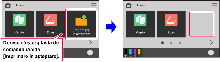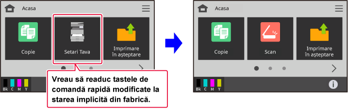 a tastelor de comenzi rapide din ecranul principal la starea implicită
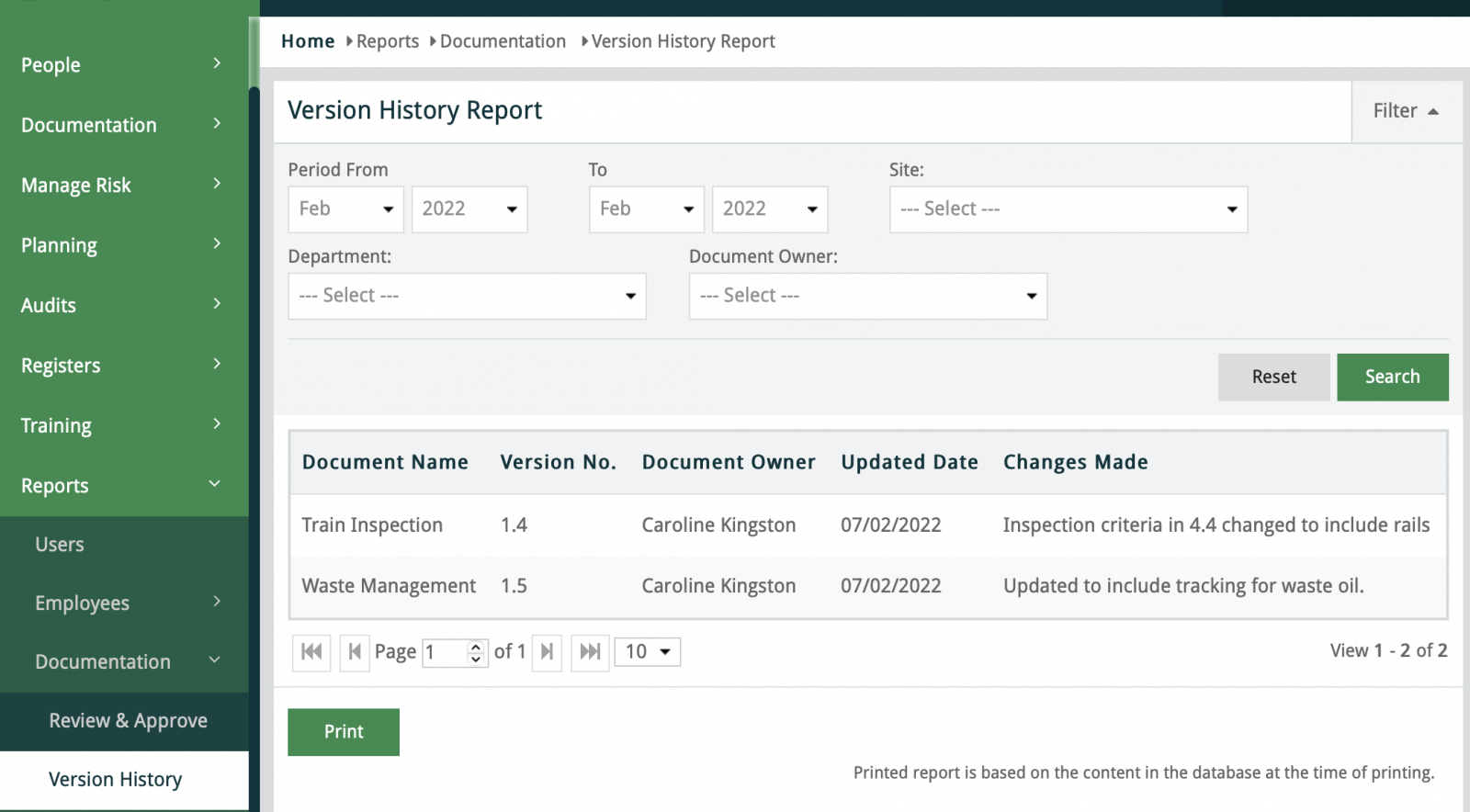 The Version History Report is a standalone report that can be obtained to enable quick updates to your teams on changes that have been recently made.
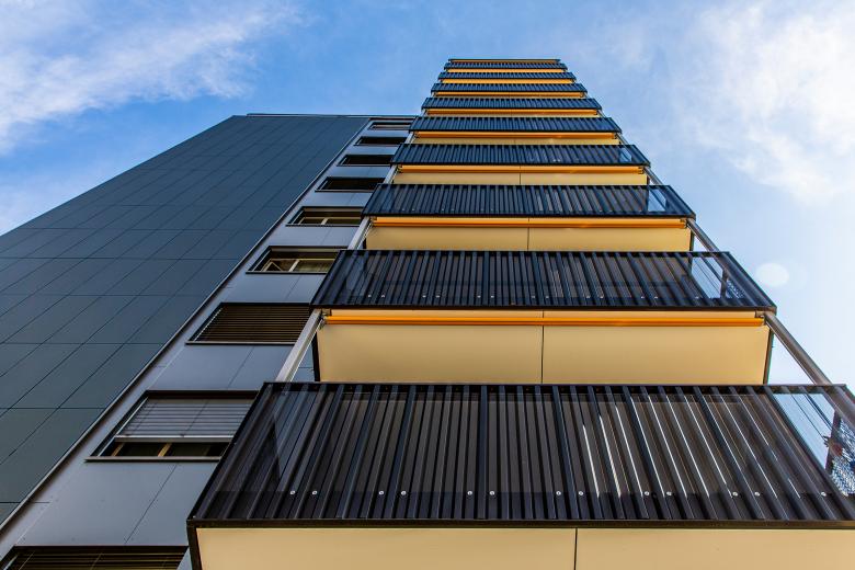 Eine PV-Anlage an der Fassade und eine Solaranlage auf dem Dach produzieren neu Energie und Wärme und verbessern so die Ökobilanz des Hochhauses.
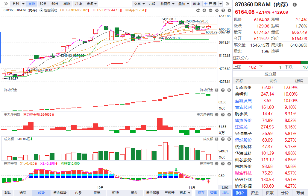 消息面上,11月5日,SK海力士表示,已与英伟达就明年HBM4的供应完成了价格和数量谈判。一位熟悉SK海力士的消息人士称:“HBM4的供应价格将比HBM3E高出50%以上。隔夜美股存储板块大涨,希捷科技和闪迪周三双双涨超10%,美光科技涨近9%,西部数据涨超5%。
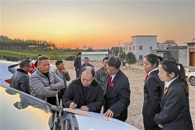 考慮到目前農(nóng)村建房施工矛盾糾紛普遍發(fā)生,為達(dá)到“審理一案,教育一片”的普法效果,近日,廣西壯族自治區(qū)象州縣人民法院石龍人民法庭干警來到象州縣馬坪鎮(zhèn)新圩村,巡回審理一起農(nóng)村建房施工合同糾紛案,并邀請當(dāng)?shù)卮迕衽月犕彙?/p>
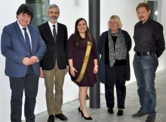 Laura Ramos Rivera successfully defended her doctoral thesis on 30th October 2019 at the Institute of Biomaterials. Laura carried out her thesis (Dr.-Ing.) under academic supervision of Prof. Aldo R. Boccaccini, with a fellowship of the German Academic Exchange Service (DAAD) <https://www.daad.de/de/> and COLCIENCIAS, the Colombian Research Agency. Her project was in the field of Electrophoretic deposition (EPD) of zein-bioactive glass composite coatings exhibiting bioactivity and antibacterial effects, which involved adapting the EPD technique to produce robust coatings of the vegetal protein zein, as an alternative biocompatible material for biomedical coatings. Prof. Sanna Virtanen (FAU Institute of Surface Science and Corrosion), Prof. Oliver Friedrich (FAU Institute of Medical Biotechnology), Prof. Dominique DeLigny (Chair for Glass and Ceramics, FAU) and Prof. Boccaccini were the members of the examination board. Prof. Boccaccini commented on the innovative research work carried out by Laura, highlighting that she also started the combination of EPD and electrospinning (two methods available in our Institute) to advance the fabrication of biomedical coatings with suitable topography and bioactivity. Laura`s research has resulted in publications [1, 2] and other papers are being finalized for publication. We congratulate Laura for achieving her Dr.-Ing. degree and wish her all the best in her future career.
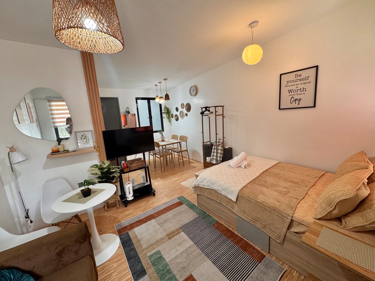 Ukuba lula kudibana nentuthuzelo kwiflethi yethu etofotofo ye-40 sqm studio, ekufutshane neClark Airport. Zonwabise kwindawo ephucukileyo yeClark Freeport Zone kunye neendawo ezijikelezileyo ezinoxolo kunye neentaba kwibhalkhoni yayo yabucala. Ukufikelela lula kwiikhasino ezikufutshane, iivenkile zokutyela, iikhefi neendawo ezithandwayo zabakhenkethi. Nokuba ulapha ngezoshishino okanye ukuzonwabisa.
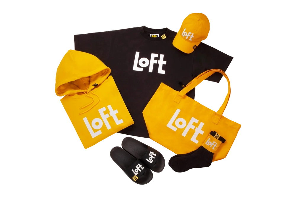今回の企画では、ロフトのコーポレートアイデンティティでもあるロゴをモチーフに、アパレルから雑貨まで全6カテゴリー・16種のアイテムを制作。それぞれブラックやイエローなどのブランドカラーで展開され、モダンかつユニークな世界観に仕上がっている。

## WHAT IS NEEDED
This exercise calls for a verbatim output of the entries, pictures omitted.

## RESPONSE AREA
 a tastelor de comenzi rapide din ecranul principal la starea implicită
 The Version History Report is a standalone report that can be obtained to enable quick updates to your teams on changes that have been recently made.
 Eine PV-Anlage an der Fassade und eine Solaranlage auf dem Dach produzieren neu Energie und Wärme und verbessern so die Ökobilanz des Hochhauses.
 消息面上,11月5日,SK海力士表示,已与英伟达就明年HBM4的供应完成了价格和数量谈判。一位熟悉SK海力士的消息人士称:“HBM4的供应价格将比HBM3E高出50%以上。隔夜美股存储板块大涨,希捷科技和闪迪周三双双涨超10%,美光科技涨近9%,西部数据涨超5%。
 考慮到目前農(nóng)村建房施工矛盾糾紛普遍發(fā)生,為達(dá)到“審理一案,教育一片”的普法效果,近日,廣西壯族自治區(qū)象州縣人民法院石龍人民法庭干警來到象州縣馬坪鎮(zhèn)新圩村,巡回審理一起農(nóng)村建房施工合同糾紛案,并邀請當(dāng)?shù)卮迕衽月犕彙?/p>
 Laura Ramos Rivera successfully defended her doctoral thesis on 30th October 2019 at the Institute of Biomaterials. Laura carried out her thesis (Dr.-Ing.) under academic supervision of Prof. Aldo R. Boccaccini, with a fellowship of the German Academic Exchange Service (DAAD) <https://www.daad.de/de/> and COLCIENCIAS, the Colombian Research Agency. Her project was in the field of Electrophoretic deposition (EPD) of zein-bioactive glass composite coatings exhibiting bioactivity and antibacterial effects, which involved adapting the EPD technique to produce robust coatings of the vegetal protein zein, as an alternative biocompatible material for biomedical coatings. Prof. Sanna Virtanen (FAU Institute of Surface Science and Corrosion), Prof. Oliver Friedrich (FAU Institute of Medical Biotechnology), Prof. Dominique DeLigny (Chair for Glass and Ceramics, FAU) and Prof. Boccaccini were the members of the examination board. Prof. Boccaccini commented on the innovative research work carried out by Laura, highlighting that she also started the combination of EPD and electrospinning (two methods available in our Institute) to advance the fabrication of biomedical coatings with suitable topography and bioactivity. Laura`s research has resulted in publications [1, 2] and other papers are being finalized for publication. We congratulate Laura for achieving her Dr.-Ing. degree and wish her all the best in her future career.
 Ukuba lula kudibana nentuthuzelo kwiflethi yethu etofotofo ye-40 sqm studio, ekufutshane neClark Airport. Zonwabise kwindawo ephucukileyo yeClark Freeport Zone kunye neendawo ezijikelezileyo ezinoxolo kunye neentaba kwibhalkhoni yayo yabucala. Ukufikelela lula kwiikhasino ezikufutshane, iivenkile zokutyela, iikhefi neendawo ezithandwayo zabakhenkethi. Nokuba ulapha ngezoshishino okanye ukuzonwabisa.
今回の企画では、ロフトのコーポレートアイデンティティでもあるロゴをモチーフに、アパレルから雑貨まで全6カテゴリー・16種のアイテムを制作。それぞれブラックやイエローなどのブランドカラーで展開され、モダンかつユニークな世界観に仕上がっている。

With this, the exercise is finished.